[rules-users] fact granularity, performance, and other questions

Wed May 27 20:17:24 EDT 2009

Hi,
I could use some experienced guidance.  I'm in the process of
evaluating Drools for use of using in a real-time transactional
environment to process about 3000 messages/second.  I realize a lot of
this depends on the type and quantity of rules, hardware, etc.  I'm
curious what steps others have taken to improve performance and if
there are any recommendations for my case detailed below.

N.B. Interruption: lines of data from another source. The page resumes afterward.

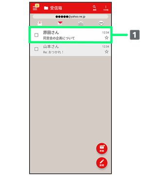 • ↓受信箱画面でメールのandroidone-s10_icon_065androidone-s10_icon_061表示)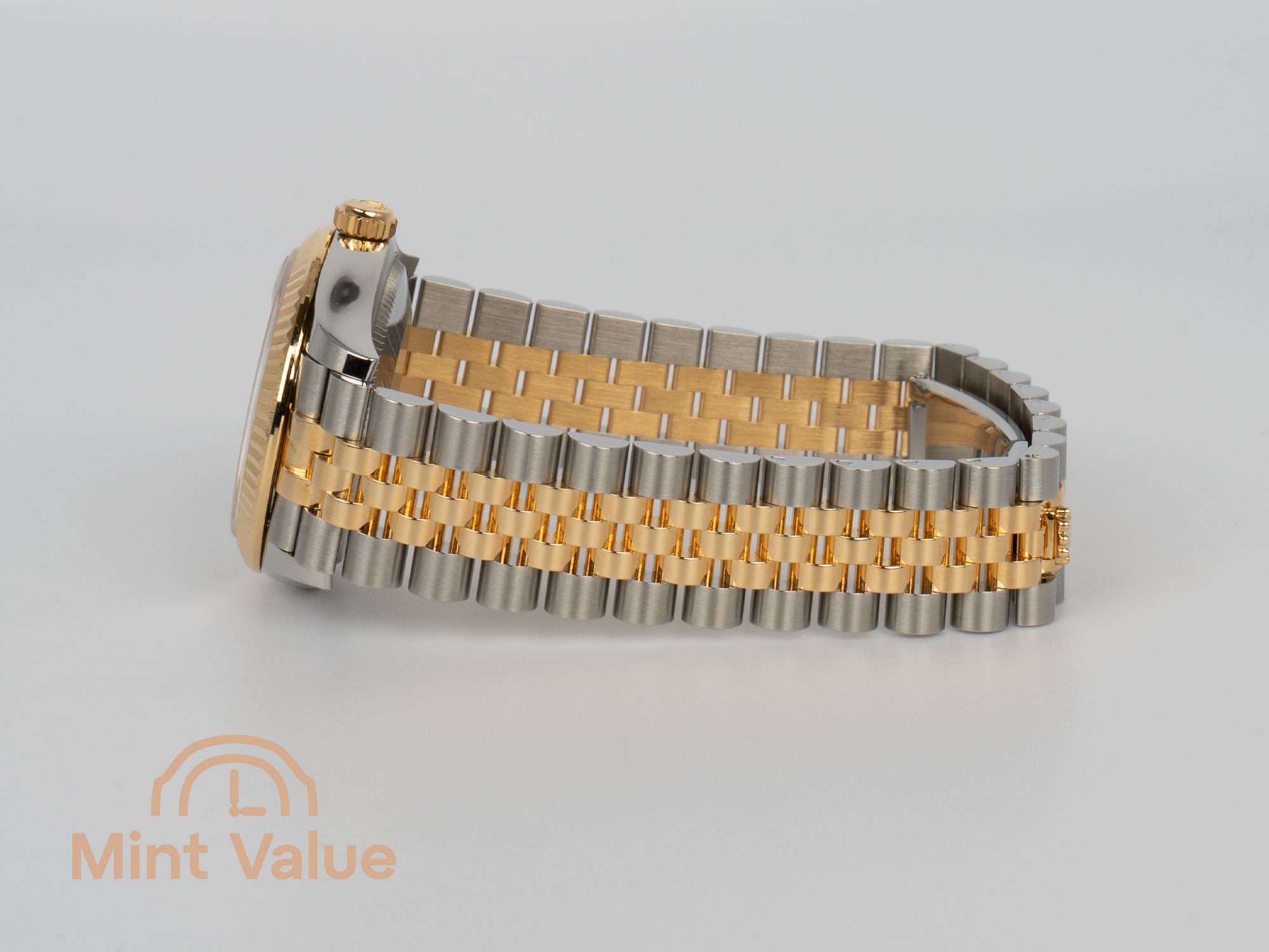 The combination of steel and yellow gold has been a cornerstone of the Datejust identity since the 1940s. The fluted bezel in solid 18 ct gold, paired with the Jubilee bracelet, creates an instantly recognizable silhouette that epitomizes Rolex heritage.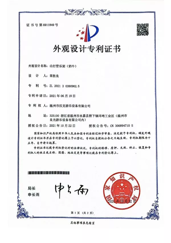 Сиыр тәрізді перкуссияның мөлшері 155 * 33 * 150, алюминийден жасалған алюминийден + әйнек талшықты пластик + мырышталған құбырдан тұрады. Оның ерекше тон мен сүйкімді көрінуіне байланысты көптеген балалар оны қызықтырады.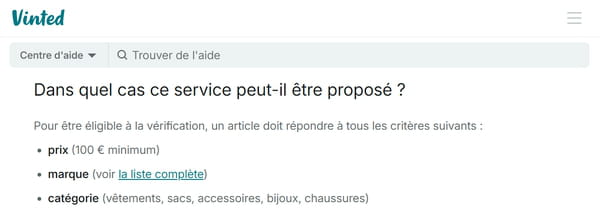 Deuxième danger ? En cas de contrefaçon, impossible de compter sur les règlements Tiktok ou Vinted pour réclamer une vérification de l'authenticité du vêtement, et donc un dédommagement. Sur Vinted, la vendeuse en question fixe ses lots à 1 euro : or, il est écrit noir sur blanc qu'on ne peut faire appel au service d'authentification que pour les transactions de 100 euros minimum.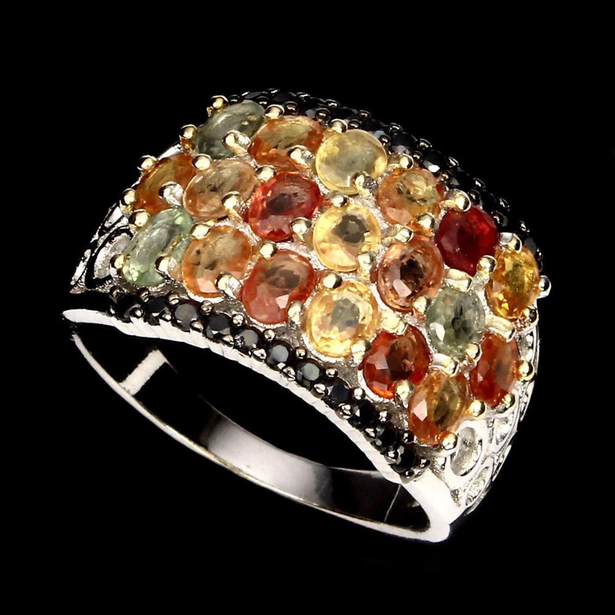 925 STERLING SILVER;PLATE14K WHITE GOLD;RING SIZE7 (resizeable)MAIN STONESAPPHIREOTHER GEMSBLACK SPINELTOTAL WEIGHT31.99 CT (TOTAL WEIGHT OF SILVER + STONE)DIMENSION* STONE 1.0 TO 4.0 X 3.0 MM. * FACE RING 21.0 X 14.0 MM.MAIN STONE SHAPEOVAL CUTMAIN STONE COLORTOP FANCY COLORSCLARITY/GRADEIF TO VVSLUSTERGRACEFULLYTREATMENTHEATEDORIGINSONGEA - AFRICAHARDNESS8.0 - 9.0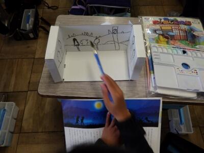 背景と登場人物を組み合わせて立体的に表現していきます。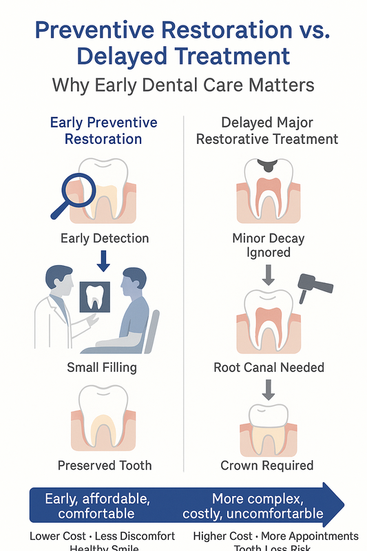 Dental infographic comparing early preventive restoration with delayed treatment, showing timelines and outcomes.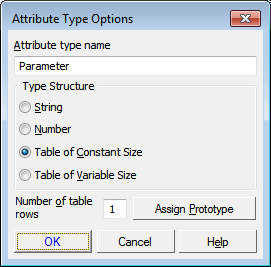 •To create a new attribute type in the current document, activate the view window that is titled Local document attribute types. If both windows display library attribute types (window titles contain paths to library files), press the Show Document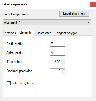 Obeležavanje elemenata osovine Prefiks za obeležavanje vrednosti radijusa Prefiks za obeležavanje vredosti prelaznice Visina teksta Decimalna preciznost Ukoliko se štiklira upit Label length L? - komanda će podrazumevati da je potrebno obeležavati dužinu prelaznice |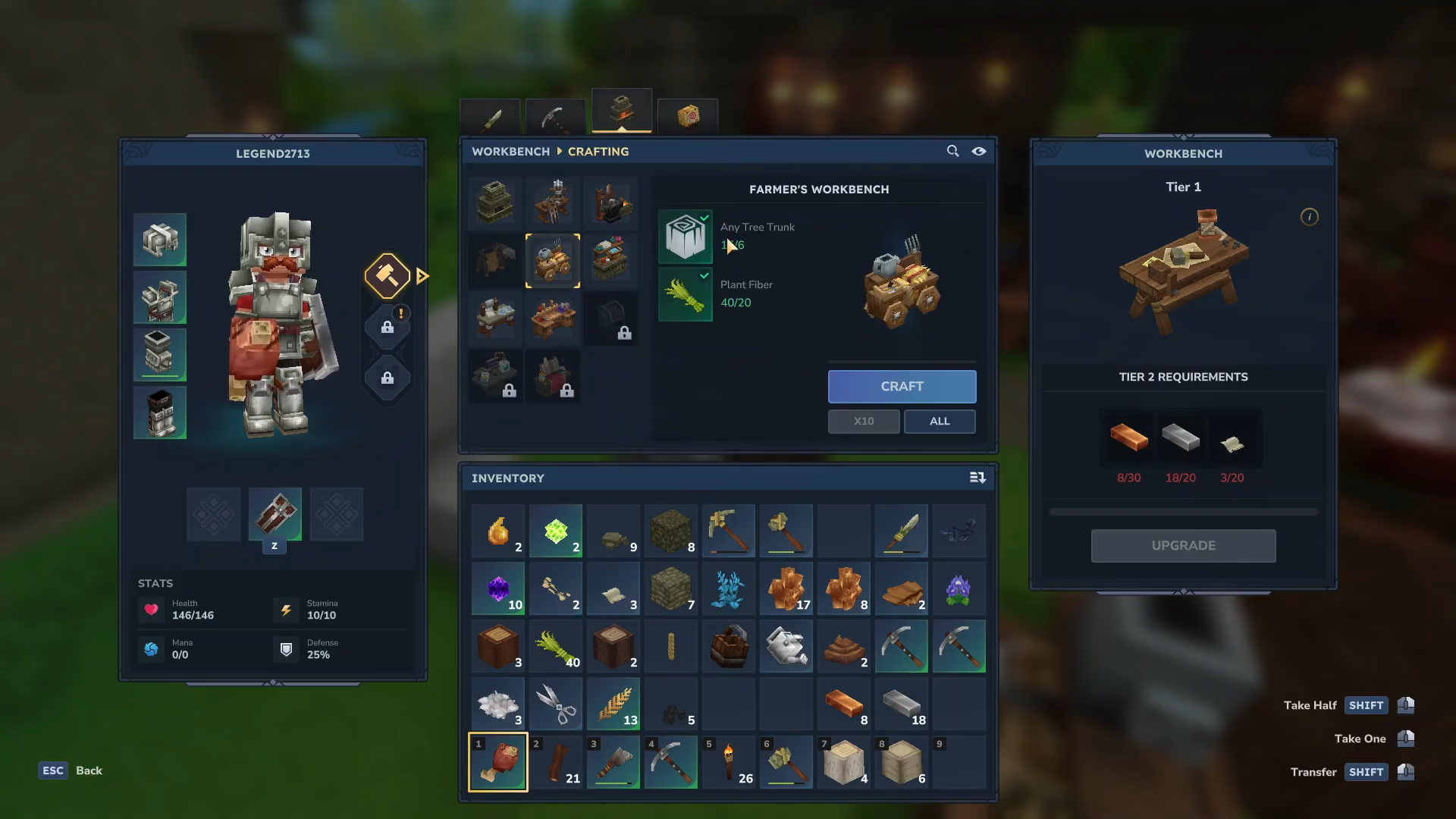From the standard Workbench menu, you must craft a Farmer’s Workbench, which requires six tree trunks and 20 pieces of plant fiber.
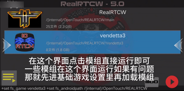 3、模组下载完成后先解压,把整个模组文件夹放在基础游戏数据文件夹的同级目录,也就是两个文件夹放在同一个路径下,比如重返德军总部写实版的基础游戏文件夹路径为OpenTouch/REALRTCW,里面的main文件夹就是该版本的基础游戏数据文件夹,模组就放在main的同级目录,也就是放在OpenTouch/REALRTCW这个路径下,直白来说直接放到REALRTCW文件夹里就可以了。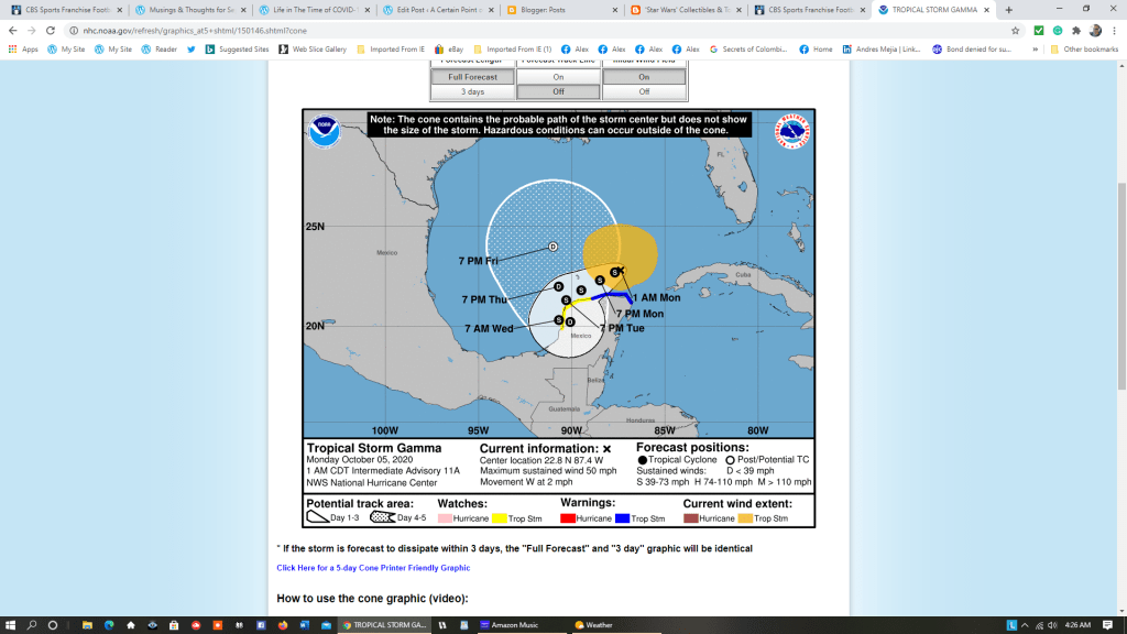 Hello, there, Dear Reader. It’s early in the morning (4:20 AM Eastern) as I start this post on Monday, October 5, 2020. Outside, the temperature is 74 degrees Fahrenheit (23 degrees Celsius) under cloudy skies. Humidity is at 91%, and with a northeasterly breeze blowing from the northeast at 10 MPH/16 KPH, the feels-like temperature is also 74 degrees Fahrenheit (23 degrees Celsius). Although Tropical Storm Gamma is moving well away from the U.S. – it never was a threat to the Gulf Coast, but its bands of moisture were interacting with a weather front over the state of Florida – we can still expect scattered showers here in my corner of Florida.

A few specific questions I have are:
 - Should each field in a message be a fact? (more info on my message
below)  What fact granularity have you settled on in your usage and
why?
 - Does the order of the conditions in a rule affect performance, the
execution order, or the structure of the Rete network?
 - Does the order the facts are inserted into a stateless session (as
a list via the CommandFactory.newInsertElements) affect performance at
all?

The message is an EDI format and will typically have anywhere from 80
to 200 fields, potentially more.  The message is divided into
transactions, then segments, then fields.  We have an object model
that represents the message.  We're using a stateless session and most
of the rules will modify fields or add fields and segments based on
the values of other fields.  Currently, I flatten the object model
into a List containing the message, transactions, segments, and each
field, and then insert the list into the stateless session and fire.
I'm avoiding sequential mode for now until we have a better idea of
our requirements.

Here's a simplified example of what I'm doing now (using json-esque
syntax instead of the EDI format).
message {
  segment {
    SG:header
    A0:agents
  }
  segment {
    SG:agent
    A1:000
    A2:JAMES
    A3:BOND
  }
  segment {
    SG:agent
    A1:86
    A2:MAXWELL
    A3:SMART
  }
}

Each field has an id and a value.  For this message, I would insert 14
facts:  the message object, 3 segments objects, and 10 field objects.

rule "set James Bond's A1 to 007"
when
  $a1 : Field(id == "A1",  value != "007")
  Field(id == "A2",  value == "JAMES")
  Field(id == "A3",  value == "BOND")
then
  $a1.setValue("007");
  update($a1);
end

A relatively more complicated, but typical rule would be "set James
Bond's A1 to 007 iff he's the second agent in the message and one of
the other agents' first names does not contain AUSTIN and an agency
segment exists"

The above example assumes each segment and field is a fact and I think
it's a clean and flexible approach, but I'm concerned about the
overhead of inserting potentially 250 facts for each message.  The
only other alternatives I can think of seem to have their own set of
problems:
1. limit the fields that rules can be written against to a limited
subset, which may not be feasible depending on how the requirements
evolve, and only assert those as facts.  Doing this seems to double
the number of transactions per second in my nonscientific benchmark.
2. insert the Message object as a single fact and then write a slew of
accessor methods in that object to get at all possible fields in the
tree: getA1FromSecondAgentSegmentInFirstTransaction().  This seems
like it might perform well, but could be very messy.
3. provide an api in the message object model to find various
occurrences of fields in the messages, then use eval() in the rule.
like eval(msg.findSegment("agent", secondOccurrence).getField("A1")).
I've read that would be less efficient once the ruleset grows.

I'm sure many of you have dealt with this type scenario before, what
did you determine the best approach to be?

Thanks,
David